In case such an agreement is finally agreed upon, the SP group could withdraw their persistent demand for listing of Tata Sons, which is the holding company of India’s largest private conglomerate.

The Tata Trusts board meeting on Friday could informally discuss this option, though it is not in the formal agenda that is focused on additional funding for philanthropic work. The final decision will of course have to be taken by the Tata Sons board, but the Trusts have a significant say over the decisions made by Tata Sons. The board meeting is being held in the backdrop of tension among the trustees over governance and decision-making issues.

The SP group has been battling debt issues – Rs 30,000 crore at last count – and has been demanding an exit for quite some time. The Tatas, however, have been opposed to listing of Tata Sons, which led to simmering tensions between the two sides. A partial exit, sources said, would be a good option for both sides.

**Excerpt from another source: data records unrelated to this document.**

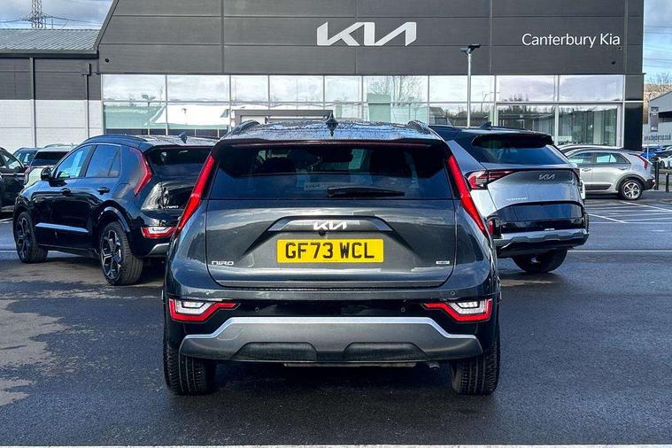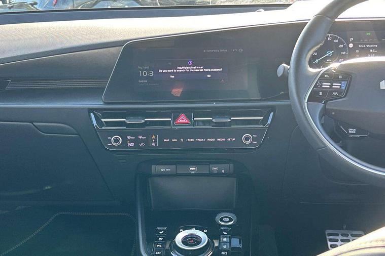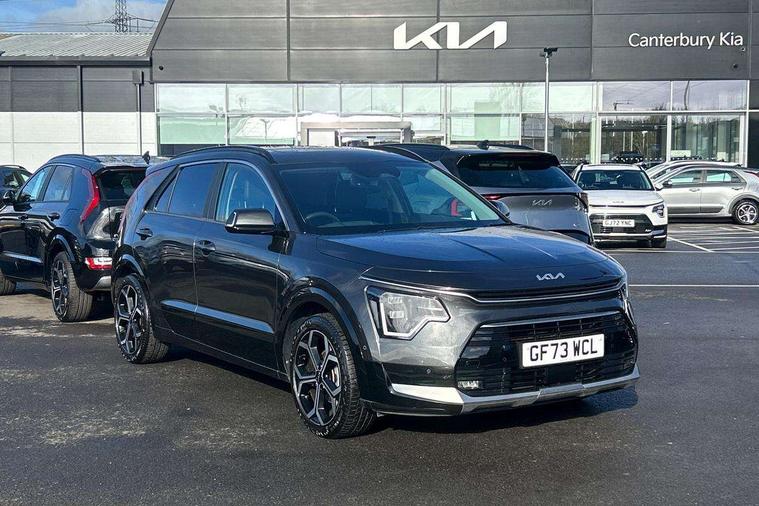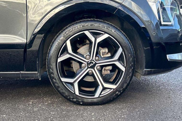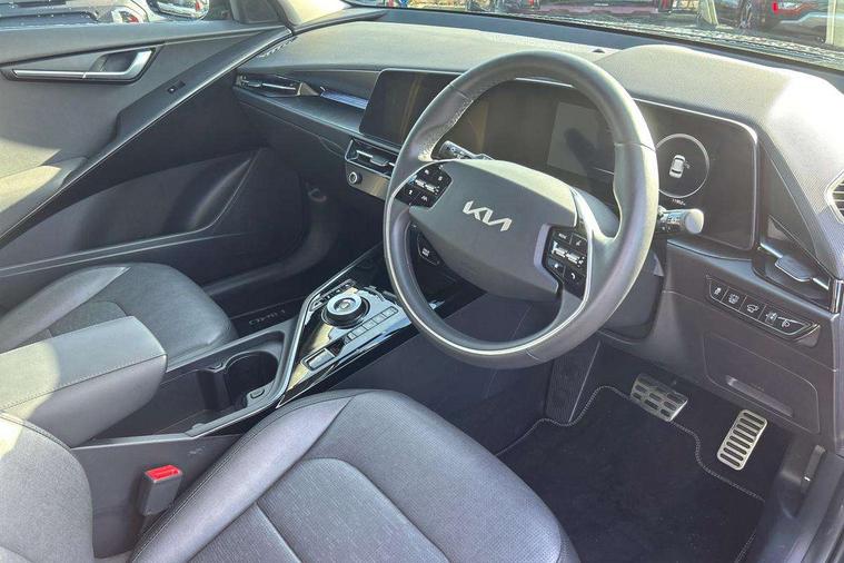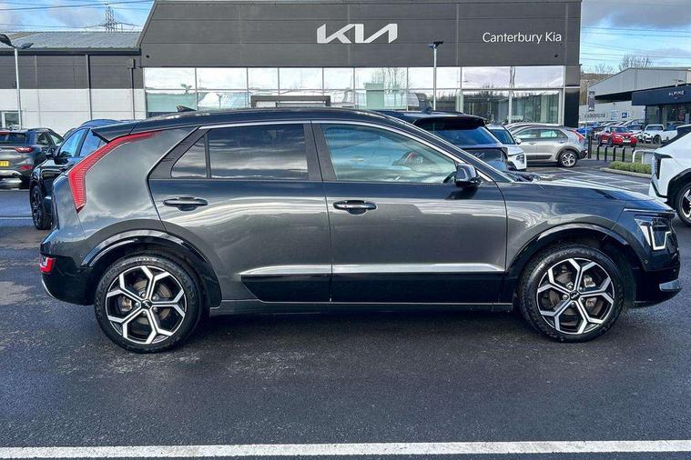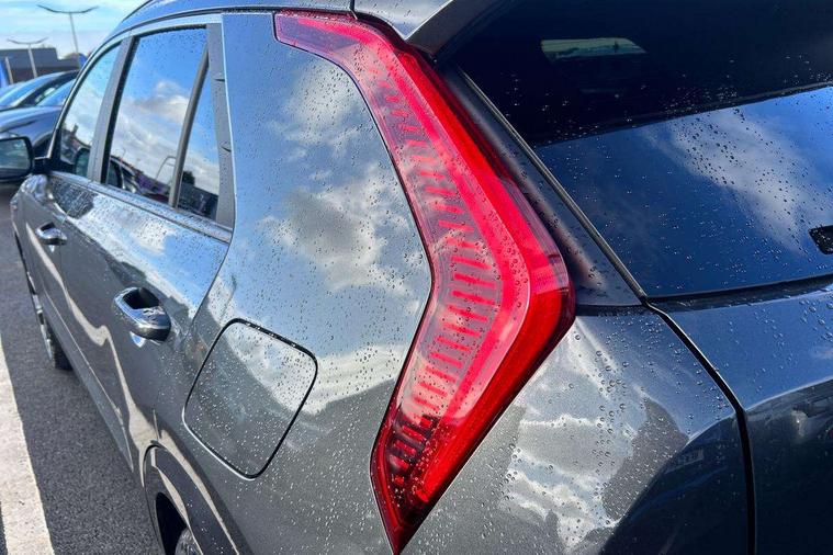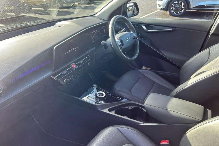 10.25" Supervision colour cluster display, 10.25" touchscreen satellite navigation, Adaptive smart cruise control function (SCC) with stop and go, Apple car play/Android Auto with voice control, Blind spot collision avoidance assist, Drive mode select (Eco, sport), E-call, Emergency stop signalling system, Forward Collision-Avoidance Assist (FCA) 1.5 - City/Pedestrian/Cyclist/Junction turning, Front parking sensors, Head up Display, Highway Driving Assist (HDA), Kia Connect (UVO), Lane Following Assist (LFA), Lane keep assist, Motor driven power steering, Parking collision avoidance assist (PCA), Power opening/closing tailgate, Rear cross traffic alert, Rear parking sensors, Remote smart parking assist, Reversing camera with dynamic guide lines, Safe exit warning (SEW), Speed limit assist, Trip computer with distance/fuel consumption/average speed, Wireless Smartphone charger, 220v AC Inverter, 'Shark fin' mobile antenna, 2 Front USB Charge port (one for C-type/one for USB), 2 type C USB ports on front seats, 6 speakers, Bluetooth with music streaming, DAB Digital radio, Steering wheel mounted controls, Acoustic windshield, All round electric windows with drivers and front passenger auto up/down and safety function, Auto dimming rear view mirror, Automatic defog system, Automatic headlight control system, Black grille with chrome surround, Body colour bumpers, Body colour exterior door handles, Deluxe door scuff plates, Dual LED headlights (low and high projection), Electric heated door mirrors, Electrically folding door mirrors, Front and rear chrome skid plates, Front fog lights, Heated rear window with timer, High gloss black cladding, High gloss black door mirrors, LED daytime running lights, LED rear combination lights, LED third brake light, One touch single tilting/sliding power sunroof, Privacy glass - Rear windows and tailgate, Rain sensing front wipers, Rear fog lights, Rear side wing doors, Rear spoiler, Rear wiper, Roof rails, Solar glass windscreen, Welcome and follow-me home light functionality, Windscreen Washer Level Warning, 12V socket in front, 12V socket in luggage compartment, 3 seat bench in 2nd row, 60:40 split remote folding rear seats, All-round height adjustable headrests, Aluminium pedals, Artificial leather centre console storage box, Artificial leather steering wheel, Centre console cupholder, Chrome coating interior door handles, Driver and front passenger power adjusted seat, Driver power adjusted memory seat, Driver/passenger sunvisors with illuminated vanity mirrors, Drivers seat power lumbar support, Dual zone automatic air conditioning, Front and rear door storage, Heated front seats, Heated outer rear seats, Heated steering wheel, Illuminated glovebox, Interior door lock/unlock function, ISOFIX Child seat top tethers and anchor fixings, LED overhead console, 2nd row and luggage lamp, Luggage area load cover, Luggage board, Paddle shifts, Passenger premium relaxation seat, Power adjustable lumbar support on front passenger seat, Rear armrest, Seatback pocket - driver, Seatback pocket - front passenger, Shift by wire SBW, Single front passenger seat, Tilt/telescopic adjustable steering wheel, Vegan leather upholstery, Ventilated front seats, Ventiliation ducts to rear compartment, Towing pack - Niro, 3 point seatbelts on all seats, ABS, Automatic unlocking of doors in case of impact, Centre side front airbags, Curtain and side airbags, Drivers knee airbag, Dual shell horn, Electric parking brake with auto hold function, Electronic stability control, Front passenger airbag deactivation, Height adjustable front seatbelts, Hill start assist control (HAC), Manual rear child locks, Rear seat alert system, Traction control, Tyre pressure monitoring system, Alarm system and engine immobiliser, Deadlocks, Engine Start/Stop Button with Smart Entry System, Locking wheel nuts, Visible vehicle identification number, Warranty - 7 Years/ 100, 000 miles, Centre fascia chopped carbon, 18" Alloy wheels, Tyre mobility kit,
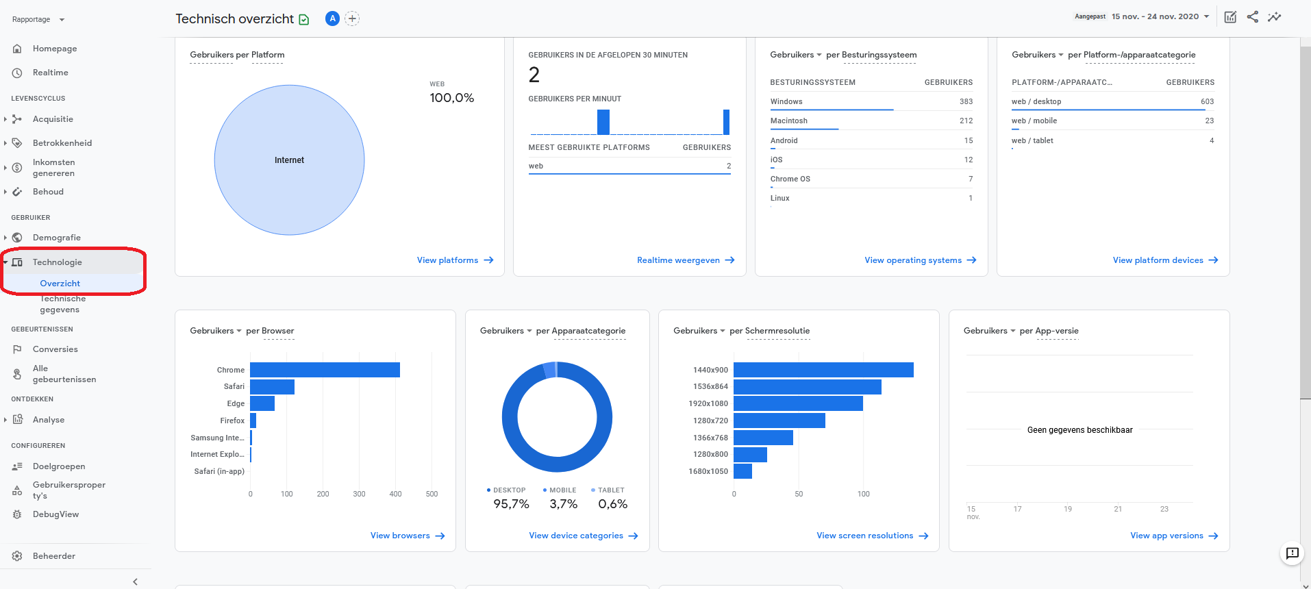 Rapport ’technologie’ in categorie ‘gebruikers’ GA4
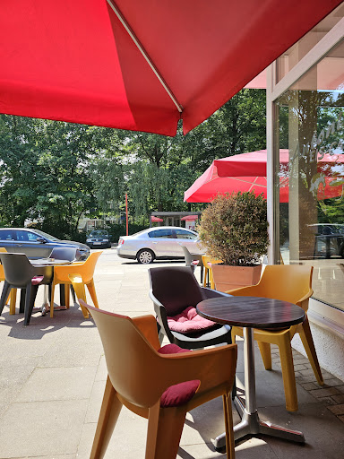 Man hat die Möglichkeit vor dem Café sitzen zu können.
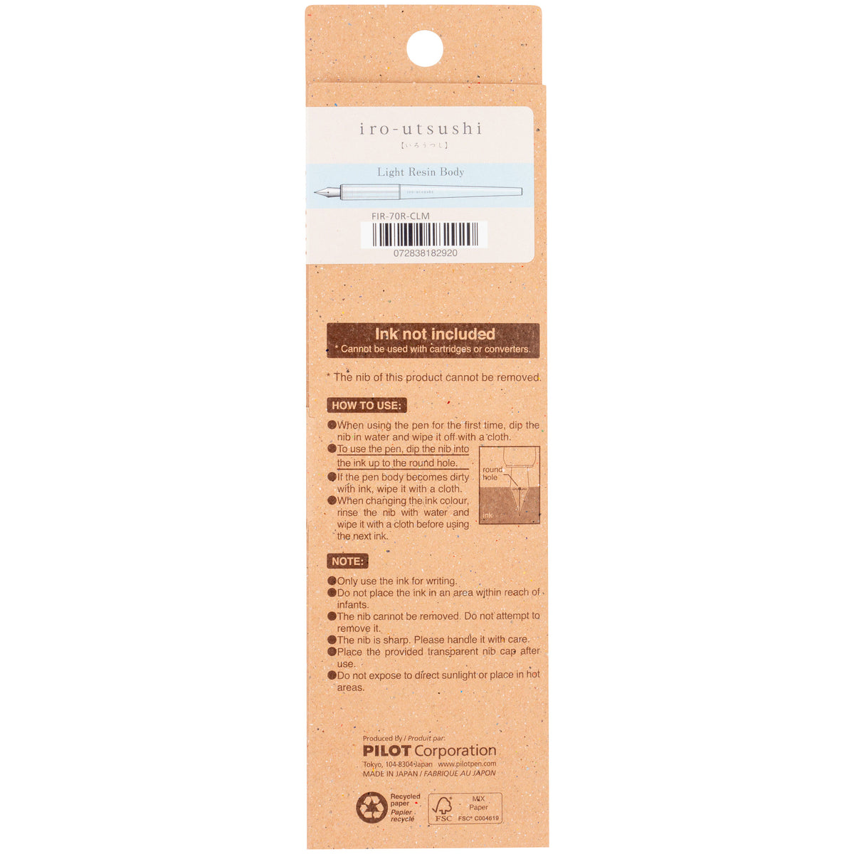 This dip pen is comfortable in the hand and easy to clean. The name "Iro-Utsushi" translates to "color transfer" in Japanese. To change colors simply run under the faucet or dip into a glass of water and the ink will come right off! Great for artists and ink enthusiasts who want to switch between colors with ease. With one dip you'll be able to write more than you'd expect. Available in Fine and Medium nib sizes.
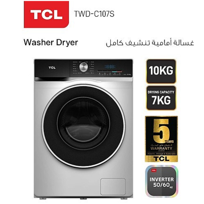 تي سي ال غسالة تعبئة امامية 10 كيلو 7 ك تجفف - فضي Twd-c107s
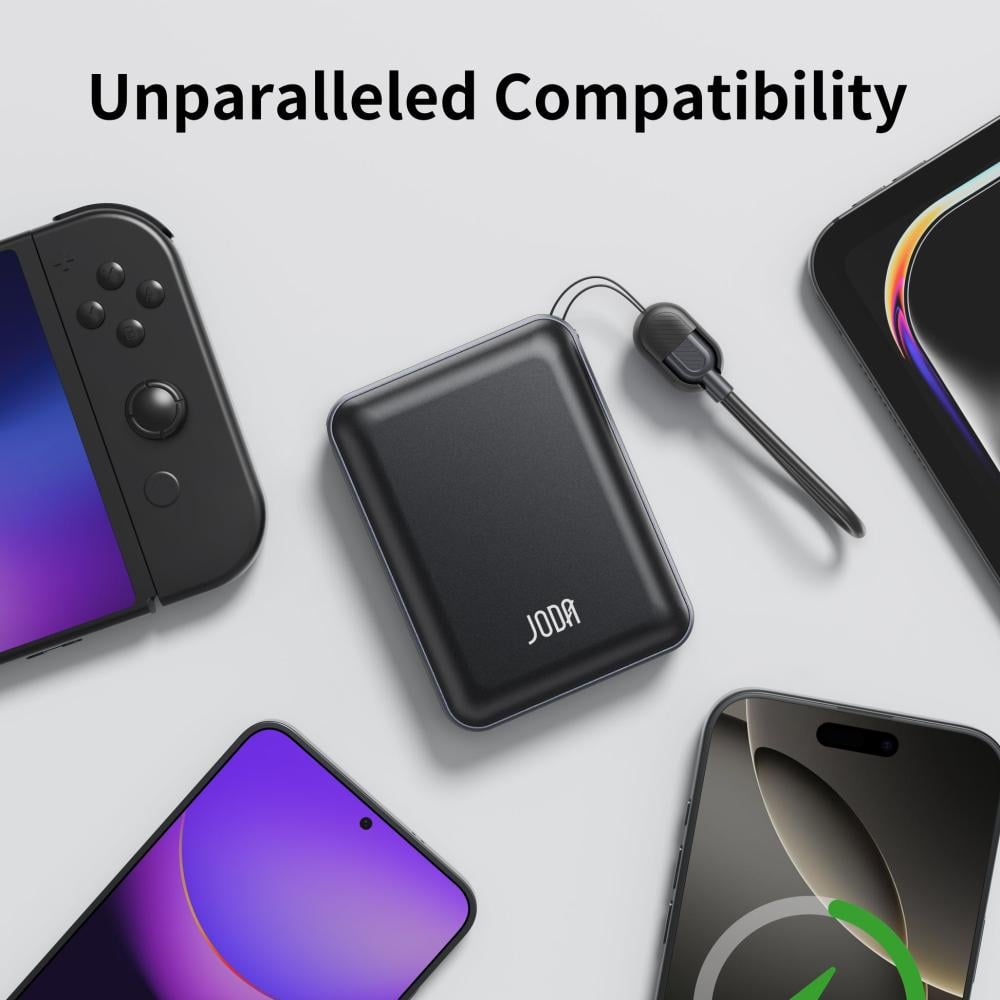 يدعم الشحن السريع بقدرة 22.5 واط عبر منفذ USB-C المرفق، ويعمل بكفاءة مع أغلب الهواتف الذكية والأجهزة الأخرى.
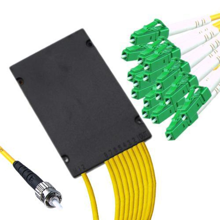 1x16 ST/UPC to LC/APC Module PLC Splitter, Wavelength 1260nm ~ 1650nm, G657A 9/125 Singlemode, Cable Jacket 2.0mm, Length 1 Meter on Each Side by Default or Custom.
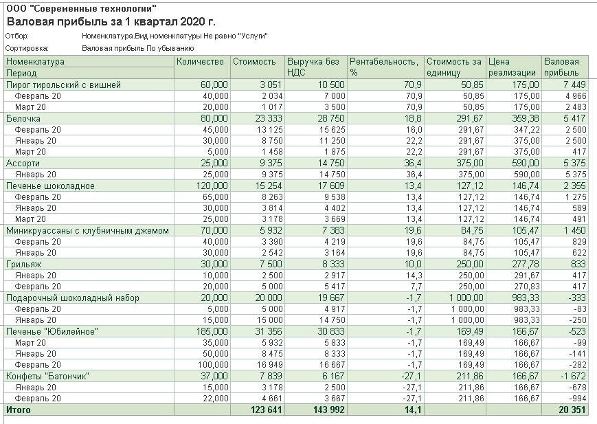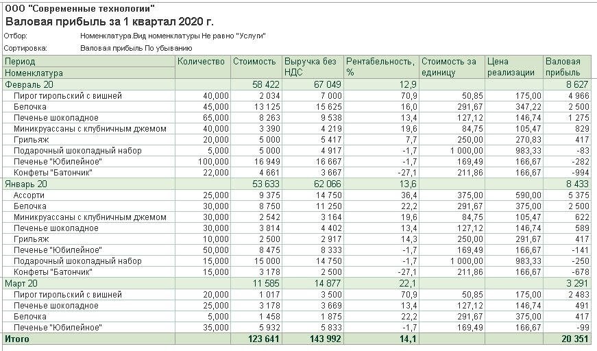 Через отчет «Валовая прибыль» имеется возможность понять, какие направления деятельности или продукция пользуются наибольшим спросом и насколько их продажи эффективны для компании.
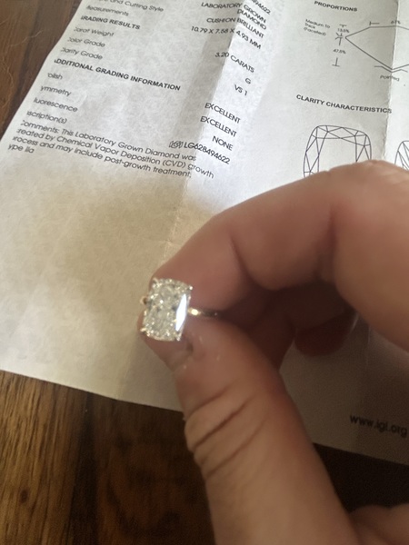 3.2 Carrot Engangment ring- Certified Lab Grown. New Condition
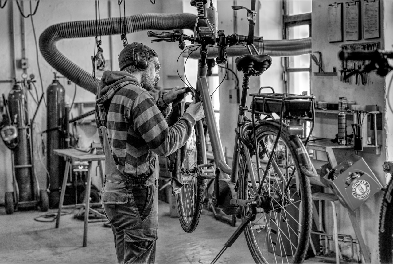 Unscheinbar das notwendig digitale für die modernen E-Bikes, sicht- und fühlbar dagegen all das, worum es wirklich geht. Fremdfabrikate werden hier genauso gewatet und repariert wie die eigenen. Mit der Kompetenz von Machern, die um das Konstruktive, um das Material nicht besser Bescheid wissen können.
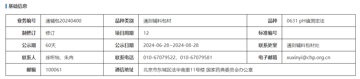 我委拟修订《中国药典》0631 pH值测定法。为确保标准的科学性、合理性和适用性,现将拟修订的0631 pH值测定法公示征求社会各界意见(详见附件)。公示期自发布之日起两个月。请认真研核,若有异议,请及时在线反馈,并附相关说明、实验数据和联系方式。来函需打印后加盖公章,个人来函需打印后本人签名,并邮寄至我委通讯地址。

Another possible mechanism to resolve the dispute will be for Tata Sons to buy back its shares in case there is no listing. But it is a time consuming process.

Ahead of the annual general meeting on August 14 this year, Tata Sons chairman N Chandrasekaran had met Shapoor Mistry, the chairman of the SP group, to discuss the way forward. This was immediately after the Noel Tata-led Tata Trusts directed the Tata Sons chairman to consider all options so that the holding company of the Tata group stays private. The Trusts also asked him to facilitate SP group’s exit from the group. There have been several rounds of talks between the two since then on a viable route.

The talks have of late gained pace after the Reserve Bank of India made it clear that it is not opposed to Tata Sons’ request for deregistration of its upper layer non-banking financial company (NBFC) status, provided Tata Trusts, which owns 66.8% stake in Tata Sons, and the SP group, which is the second largest shareholder in the conglomerate, present a unified face on keeping Tata Sons as a private entity. The regulatory deadline for upper layer NBFCs to go public has already expired, but the regulator is believed to be open to giving some more time to both the parties to come to a unanimous decision on the issue. “If both of them agree to Tata Sons not going private and seek withdrawal of the NBFC tag, the RBI would have no problem.

Tata Sons has sought relaxation from the listing norms on the ground that as a private limited company, it is not obliged to comply with the RBI’s listing guidelines.

Tata Sons has already met almost all the regulatory conditions to remain an unlisted company. In August 2024, it surrendered its NBFC licence after paying back all its debt and turned a cash-positive company by March 2024—the most important criterion to be private company under the RBI norms for large non-banks. Tata Sons had repaid over Rs 20,300 crore in debt between March 2023 and March 2024, leaving only a small amount of non-convertible debentures and preference shares, and thus meeting one of the main conditions to remain a private, closely-held company, which provides it with greater strategic flexibility and control over its operations.